TASK REQUIREMENTS: Below are entries; repeat exactly, and nothing else, the lines from the one holding "后记:很巧,今天早晨有位朋友" through the one holding "Precio unitario porDije", inclusive. Leave the pictures out.

DATA RECORDS:

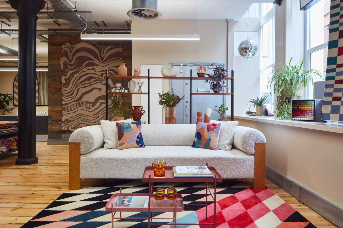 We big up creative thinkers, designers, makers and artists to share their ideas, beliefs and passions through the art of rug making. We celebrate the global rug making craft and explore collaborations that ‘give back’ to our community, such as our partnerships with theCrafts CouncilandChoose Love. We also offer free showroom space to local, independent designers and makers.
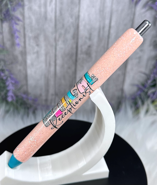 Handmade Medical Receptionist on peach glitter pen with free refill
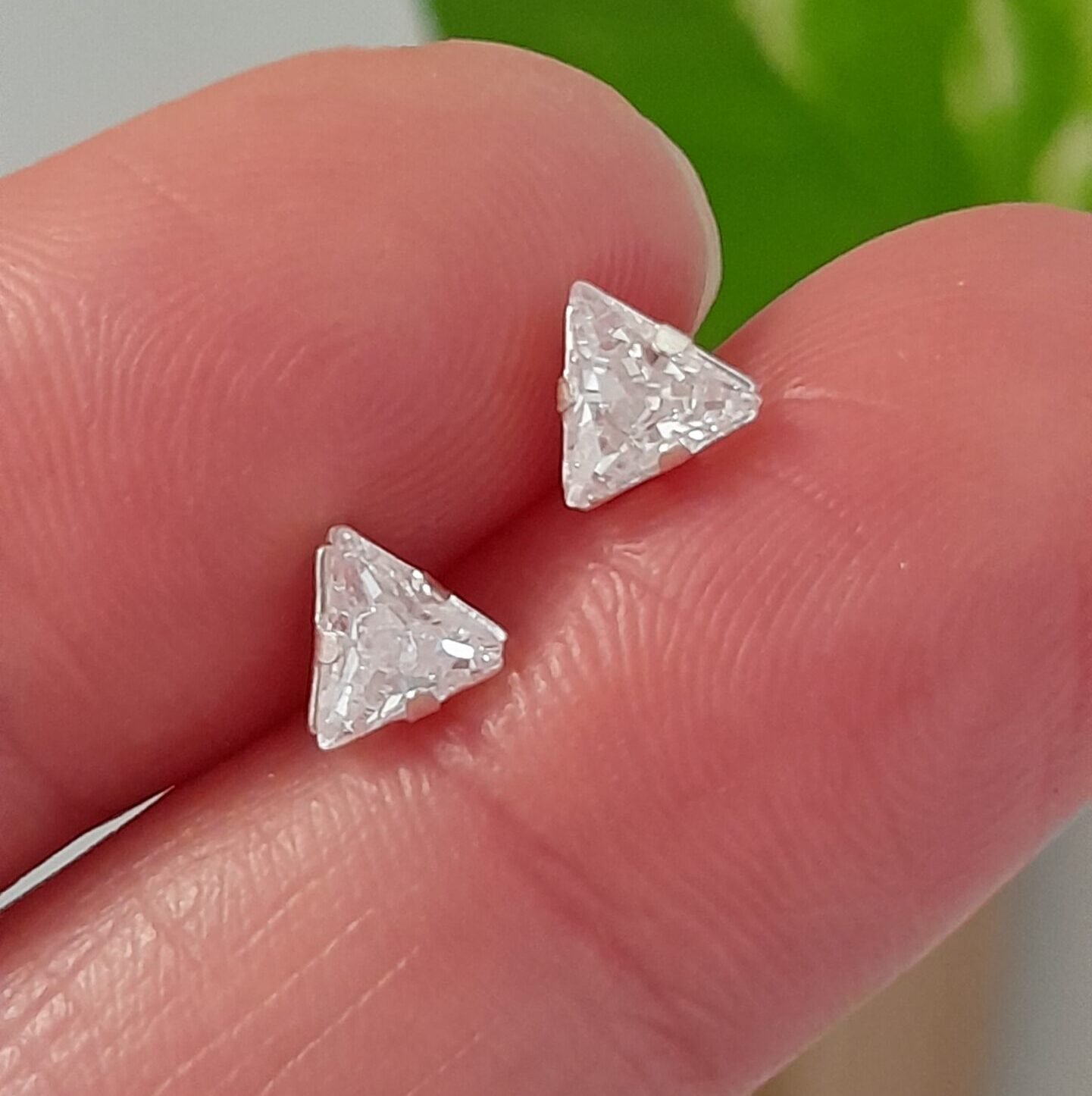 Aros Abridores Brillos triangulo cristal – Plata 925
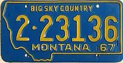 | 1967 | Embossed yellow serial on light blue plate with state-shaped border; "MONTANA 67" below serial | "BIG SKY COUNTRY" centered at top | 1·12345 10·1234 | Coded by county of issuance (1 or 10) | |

* * *

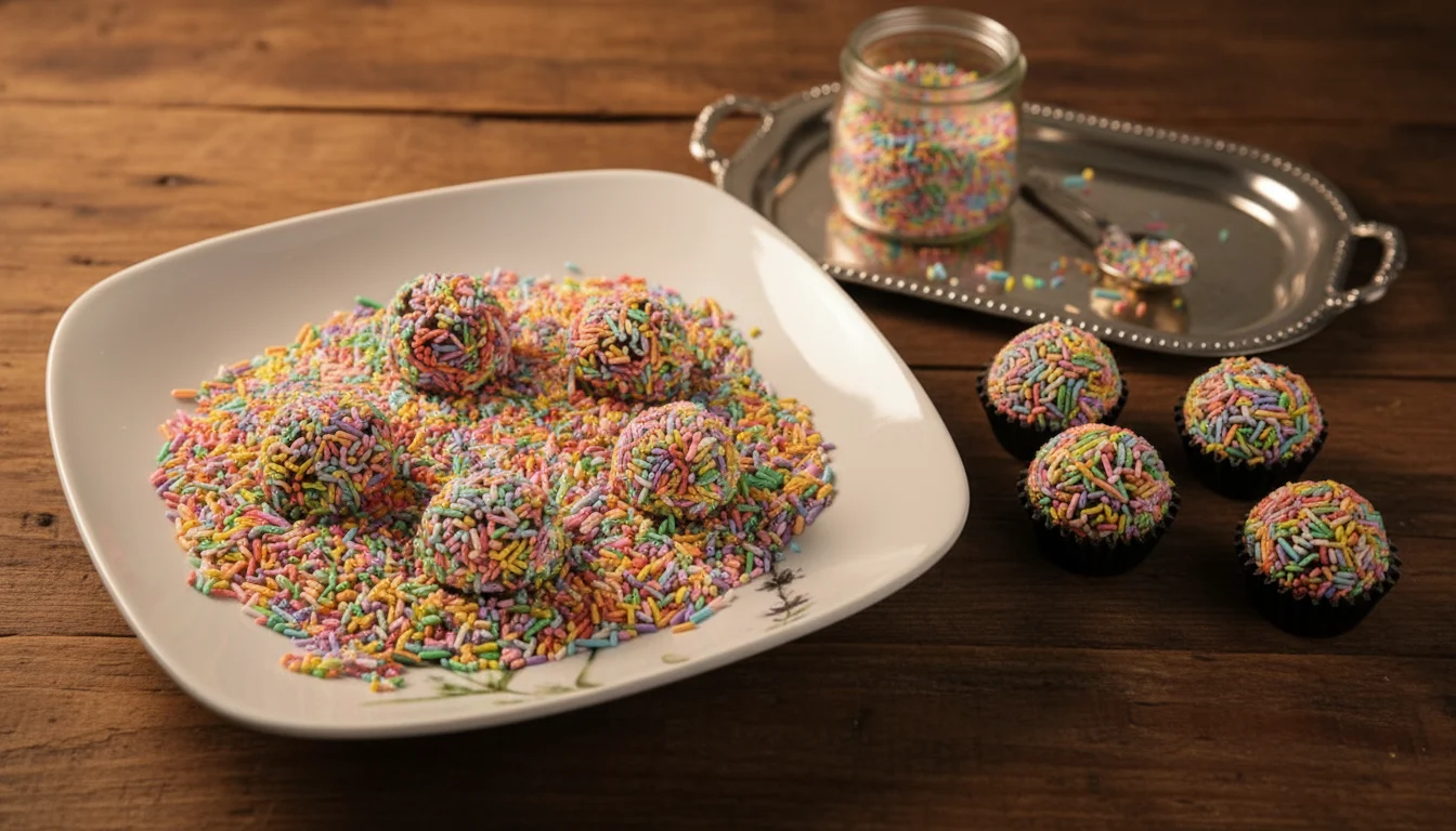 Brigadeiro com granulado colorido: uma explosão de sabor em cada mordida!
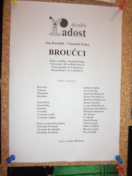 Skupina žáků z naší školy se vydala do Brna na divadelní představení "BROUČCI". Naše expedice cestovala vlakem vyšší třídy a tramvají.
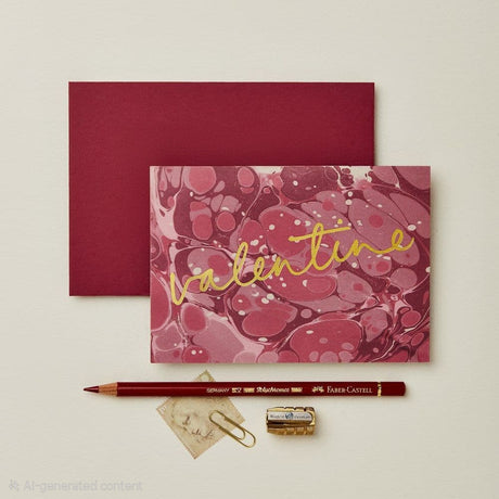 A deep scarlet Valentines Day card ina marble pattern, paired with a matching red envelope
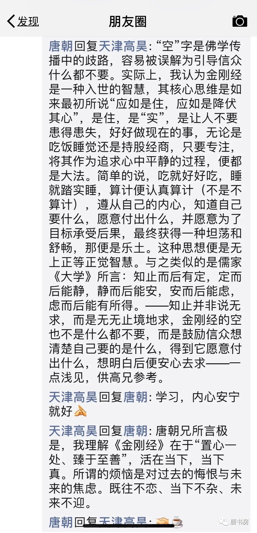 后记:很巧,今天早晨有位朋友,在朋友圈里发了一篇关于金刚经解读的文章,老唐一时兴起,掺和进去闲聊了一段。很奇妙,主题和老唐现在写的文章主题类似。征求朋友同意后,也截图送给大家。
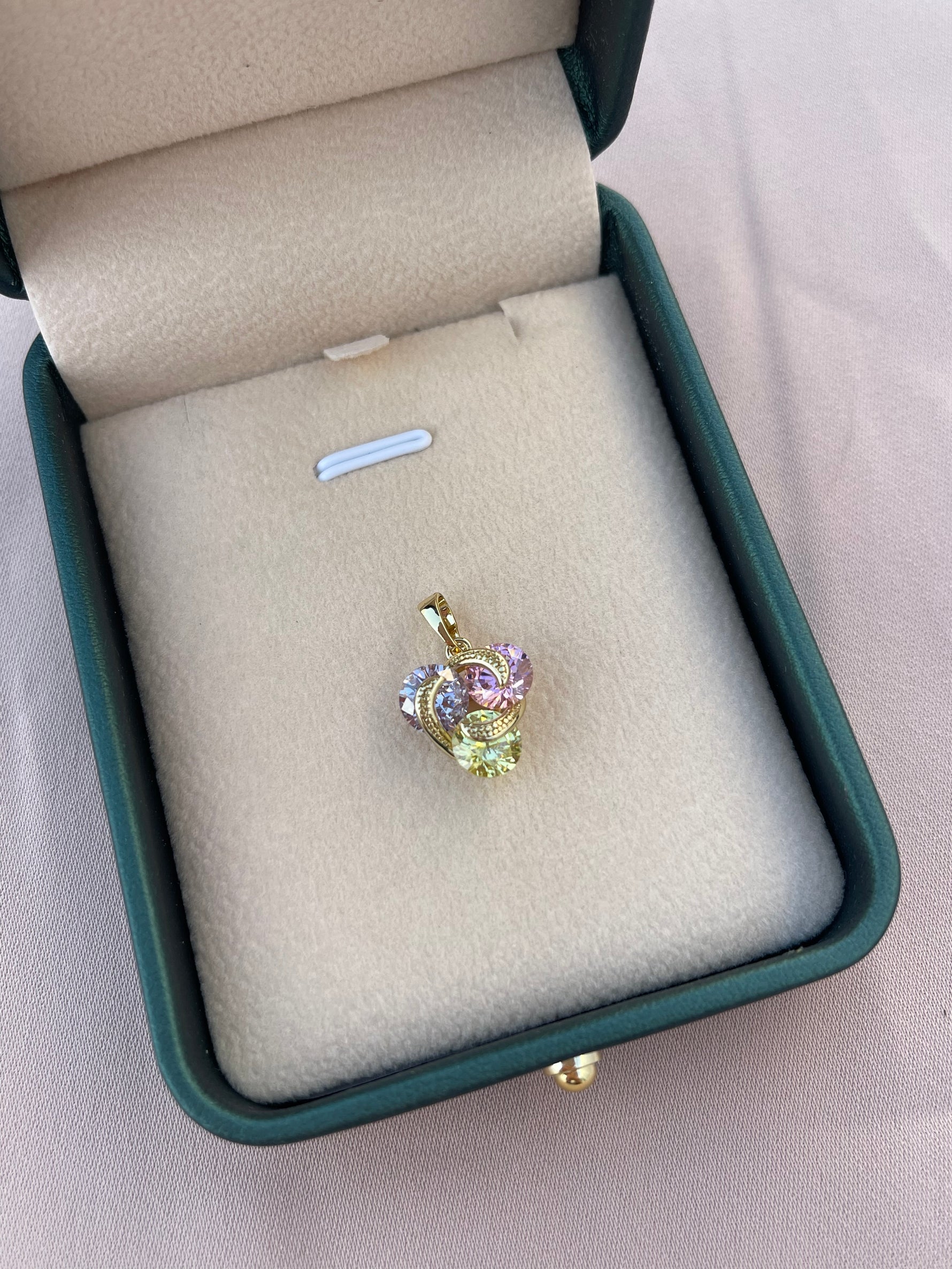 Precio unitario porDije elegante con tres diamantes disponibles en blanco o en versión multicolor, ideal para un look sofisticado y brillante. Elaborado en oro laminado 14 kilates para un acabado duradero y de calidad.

WRITTEN REPLY:
 后记:很巧,今天早晨有位朋友,在朋友圈里发了一篇关于金刚经解读的文章,老唐一时兴起,掺和进去闲聊了一段。很奇妙,主题和老唐现在写的文章主题类似。征求朋友同意后,也截图送给大家。
 Precio unitario porDije elegante con tres diamantes disponibles en blanco o en versión multicolor, ideal para un look sofisticado y brillante. Elaborado en oro laminado 14 kilates para un acabado duradero y de calidad.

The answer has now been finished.